Lo que suceda en el Tribunal Federal esta semana tendrá consecuencias enormes para los derechos basados en el sexo en Australia. El pleno del Tribunal Federal está escuchando la apelación Giggle vs Tickle. En el centro de la apelación está Sall Grover @salltweets, fundadora de la aplicación exclusiva para mujeres Giggle for Girls, que eliminó a un usuario —Roxanne Tickle— tras ver la foto de un hombre.

Tickle, un hombre que se identifica como mujer, demandó a Grover por discriminación de género.

El año pasado, el juez Bromwich falló a favor de Tickle, concediéndole daños y perjuicios, así como las costas judiciales. Pero lo que realmente impactó fue su conclusión jurídica más amplia: que «el sexo no se limita a ser un concepto biológico» y que «puede modificarse».
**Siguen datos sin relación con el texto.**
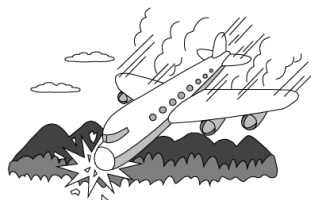
出張中、旅客機がつい落し死亡した
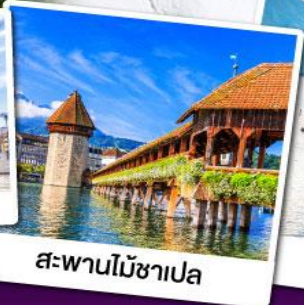
สะพานไม้ชาเปลา
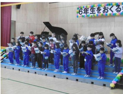
1年生：大きな声で輪読
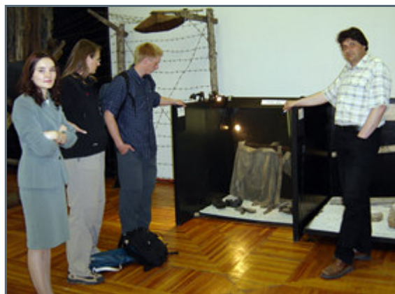
Guided tour at the Magadan museum
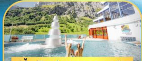
แช่น้ำแร่ร้อนผ่อนคลายคอร์มัท

Sall Grover está apelando aquella decisión, argumentando que Giggle existe para proporcionar un espacio seguro solo para mujeres bajo la disposición de medidas especiales de la Ley de Discriminación Sexual, un espacio para hablar sobre la salud, el trauma y la seguridad de las mujeres sin presencia masculina, independientemente de cómo se identifiquen esos hombres.
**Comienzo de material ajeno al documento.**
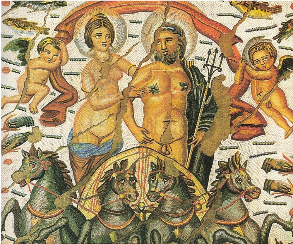
Mosaïque trouvée à Cirta (Algérie), conservée à Paris (musée du Louvre).
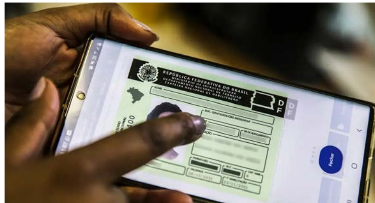
Medida beneficia motoristas sem infrações registradas nos últimos 12 meses

Publicação de medida provisória alterou as regras para a renovação automática da CNH

Lo que está en juego no son solo los criterios de una app. Esta apelación cuestiona si es legal, en Australia, crear un espacio para mujeres basado en su sexo biológico. Y si negar el acceso a los hombres a dicho espacio —cuando el propósito es proteger y empoderar a las mujeres— debería considerarse realmente discriminación.

Se han recibido aportaciones de todos los sectores, incluidos el Comisionado contra la Discriminación Sexual y el grupo de presión trans Equality Australia, ambos presionando a favor de una interpretación amplia de las protecciones de la identidad de género.
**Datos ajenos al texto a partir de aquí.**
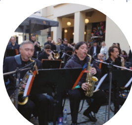
Athens Big Band
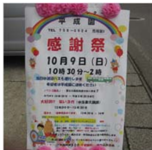
雨空の下の立て看板

第2回「感謝祭」を全館使用し盛大に開催しました。昨年の第1回目よりもさらにパワーアップし、お弁当等の販売やさまざまな無料イベントにプレゼント、笑いヨガ、大抽選会と限られた時間のなか大勢の皆さんから来園いただき、賑やかな笑い声に包まれました。

Mientras tanto, el Grupo de Acción Lésbica apoya a Grover y pide claridad respecto a que “mujer” todavía significa hembra humana adulta ante la ley.

El resultado de este caso podría definir el futuro de los espacios exclusivos para mujeres en Australia, desde aplicaciones hasta vestuarios, campos deportivos y refugios. ¿Debería permitirse a las mujeres decir que no? Esa es la cuestión que se dirime en la Corte. Esa y el significado de la palabra mujer.